Perfectionism and Your Wedding

Vases of very realistic-looking paper flowers in shades of pinks and purples, with green leaves, in focus against a backdrop of gold fabric with swags of twinkly lights.

Really, it will all be fine! Photo by Beth Weiler Photography.

Here are some thoughts for those of you who are just starting to plan your wedding (and even for those who are well on their way).  This is about one of the biggest pitfalls you may encounter as you plan, especially if you already have perfectionist tendencies.  It’s about the wedding industry’s unreasonable love affair with the word “perfect.”  This is my down-to-earth advice about the idea of a “perfect” wedding:

You don’t have to be perfect in order to get married.  Especially if you’re a woman, remember that you don’t have to be perfect in order to Be A Bride.  (The wedding industry really goes after women on the perfectionism thing.)  If you’re a man or non-binary, you don’t have to be perfect, either.  You just have to be yourself.

You don’t have to try to be someone else in order to get married, either.   Your spouse-to-be wants to marry your authentic self.  Your friends and family will be there because they love you as you are.  You can be any version of yourself you want, but remember that you are good enough to get married.

Your wedding will be perfect in its own way, even if it is not exactly what you had envisioned.  Chances are, it will be better than you thought possible (assuming you have planned halfway well), especially if you let things happen the way they happen and don’t try to control everything.

I want you to know that all this advice is coming from someone who truly understands perfectionism and control issues.  I know all about it, and much more.  And I know that it is possible to let go, and that it can be a good idea to do so.  (It also helps if you have a person you trust running things so you can let go.)

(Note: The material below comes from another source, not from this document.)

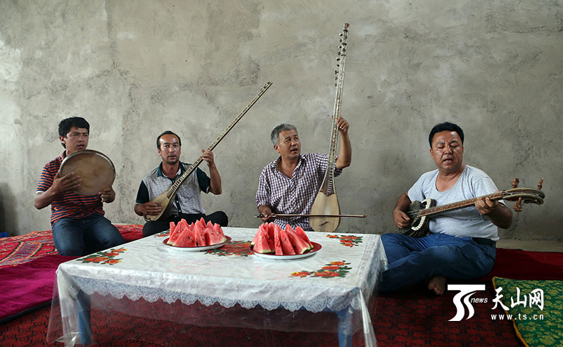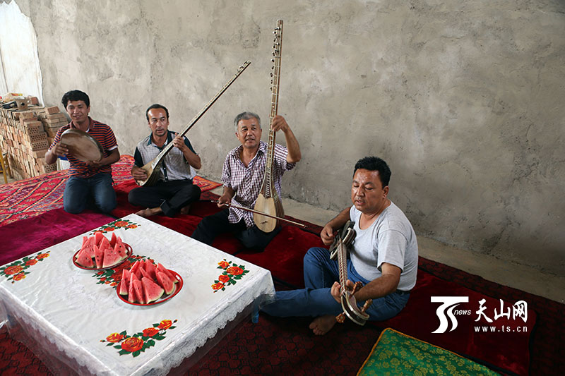 2013年以來,鄯善縣拿出資金,在全縣每個自然村建立農(nóng)民“文化大院”,給農(nóng)民提供文化娛樂的場所,十二木卡姆也自然成為大院里必備的節(jié)目,老藝人們忙碌了不少。最近正值齋月期間,村民間的文化活動照舊開展,蘇來曼 阿不都時常還要去周圍村里演出,最讓他高興的是,十二木卡姆這門古老的藝術(shù),在今天依舊被大家重視和喜愛,這一點對于他來說,比金錢更重要?!爸灰蠹疫€喜歡十二木卡姆,在平日里能見到它,它的傳承和發(fā)展就有不竭動力?!?蘇來曼 阿不都說。

Think about it this way:  If you are going to stay married to the same person for the long haul, you are going to learn that there are things you just can’t control.  (Trust me on this one!)  Start practicing now to let go of the little things as you plan your wedding.

Plan well and think things through.  Hire people you can trust to make things go smoothly.  Have back-up plans in place.  Then, hand it all over to the person who is coordinating the day for you, and let it go.  As long as you end up married to the right person at the end of the day, it will be a smashing success!